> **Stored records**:
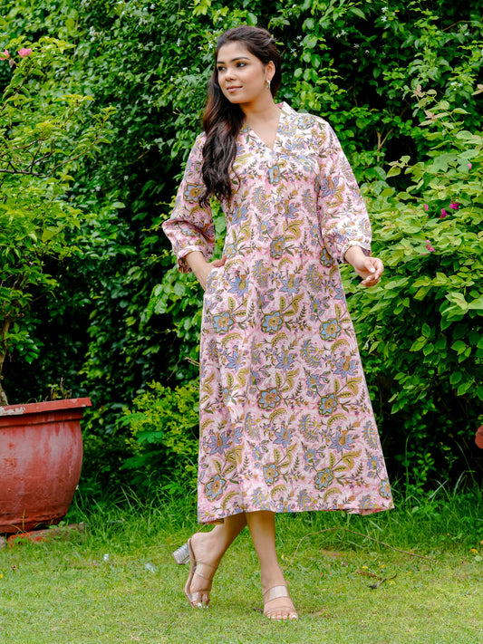 Darzaania Poorvi Block Print Cotton Dress
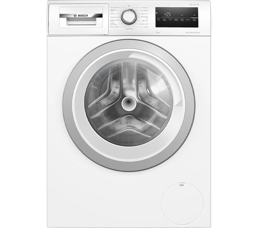 Clean clothes, without waiting around. This Bosch washing machine's SpeedPerfect feature cuts washing times by up to 65%, while still giving uou great results. It can be used with most programs, load sizes and fabrics - great when time's not on your side. It's much easier to pair socks if they're washed together. If you need to add the sock you dropped on the way, use the Reload function to pause the cycle and add it in. No water's wasted thanks to ActiveWater Plus - it uses sensors to detect just how much is needed for each wash. Good to know - Its EcoSilence Drive and Anti-Vibration design mean it won't disturb your evenings with noisy washes - The Allergy Plus cycle is gentle on your skin but so tough on germs it removes 99.99% of them - Save some energy and freshen up lightly-worn items with the Super Quick 30-minute cycle - The VarioDrum makes sure your clothes get a thorough, even wash without stretching or creasing- Iron Assist reduces wrinkles and creases from your clothes so you spend less time ironing them __________ Please note: The HygienePlus wash program at 40° and 60° fulfils scientifically-recommended conditions for 99.99% of germ reduction for Enterococcus Hirae and Pseudomonas Aeruginosa, according to research conducted by the Rhine-Waal University.
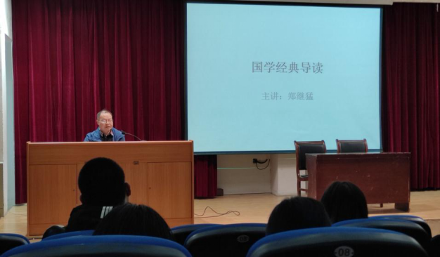在讲解相关国学经典的问题时,郑教授还使用“后生可畏,莫欺少年穷”等经典语句与身边的现实事例鼓励在座各位同学。同时向大家分享了他的励志故事。鼓励同学们不要看轻自己,而应该在四年中通过读书学习不断向上努力,四年可以使人产生质的变化,读书使人明智。
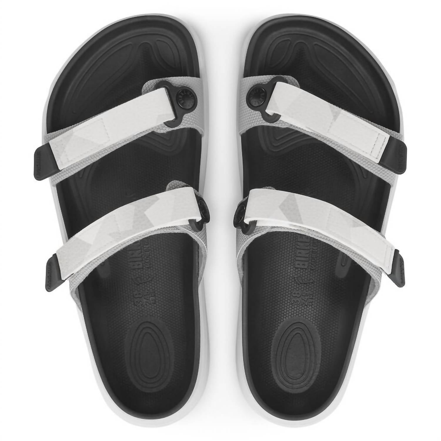 Flowy dresses, cropped pants, and even jumpsuits... this sandal works with them all! Step into the BIRKENSTOCK Women's Arizona Birkoflor Soft Footbed Sandal, designed for active and adventurous days. Made with skin-friendly and durable Birko-Flor® Futura, this sandal features a hook-and-loop closure system for a personalized fit and ultimate comfort. Built with an anatomically shaped cork-latex footbed and a light, durable polyurethane sole, it ensures flexibility and grip. Proudly made in Germany, this sandal in Desert Soil Geo Snow is perfect for those who demand both style and comfort.
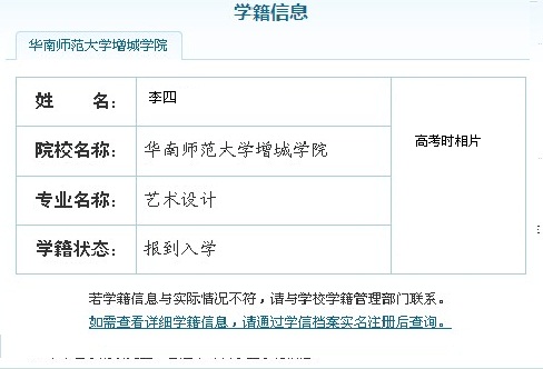 2.学生通过学信档案实名注册后可查看详细学籍信息。方法为:点击上图2下方的“如需查看详细学籍信息,请通过学信档案实名注册后查询。”出现下图(图3):

> **What the task requires**: Return the entries above exactly as they appear. Pictures should not be copied.

> **Exercise output**:
 Darzaania Poorvi Block Print Cotton Dress
 Clean clothes, without waiting around. This Bosch washing machine's SpeedPerfect feature cuts washing times by up to 65%, while still giving uou great results. It can be used with most programs, load sizes and fabrics - great when time's not on your side. It's much easier to pair socks if they're washed together. If you need to add the sock you dropped on the way, use the Reload function to pause the cycle and add it in. No water's wasted thanks to ActiveWater Plus - it uses sensors to detect just how much is needed for each wash. Good to know - Its EcoSilence Drive and Anti-Vibration design mean it won't disturb your evenings with noisy washes - The Allergy Plus cycle is gentle on your skin but so tough on germs it removes 99.99% of them - Save some energy and freshen up lightly-worn items with the Super Quick 30-minute cycle - The VarioDrum makes sure your clothes get a thorough, even wash without stretching or creasing- Iron Assist reduces wrinkles and creases from your clothes so you spend less time ironing them __________ Please note: The HygienePlus wash program at 40° and 60° fulfils scientifically-recommended conditions for 99.99% of germ reduction for Enterococcus Hirae and Pseudomonas Aeruginosa, according to research conducted by the Rhine-Waal University.
在讲解相关国学经典的问题时,郑教授还使用“后生可畏,莫欺少年穷”等经典语句与身边的现实事例鼓励在座各位同学。同时向大家分享了他的励志故事。鼓励同学们不要看轻自己,而应该在四年中通过读书学习不断向上努力,四年可以使人产生质的变化,读书使人明智。
 Flowy dresses, cropped pants, and even jumpsuits... this sandal works with them all! Step into the BIRKENSTOCK Women's Arizona Birkoflor Soft Footbed Sandal, designed for active and adventurous days. Made with skin-friendly and durable Birko-Flor® Futura, this sandal features a hook-and-loop closure system for a personalized fit and ultimate comfort. Built with an anatomically shaped cork-latex footbed and a light, durable polyurethane sole, it ensures flexibility and grip. Proudly made in Germany, this sandal in Desert Soil Geo Snow is perfect for those who demand both style and comfort.
 2.学生通过学信档案实名注册后可查看详细学籍信息。方法为:点击上图2下方的“如需查看详细学籍信息,请通过学信档案实名注册后查询。”出现下图(图3):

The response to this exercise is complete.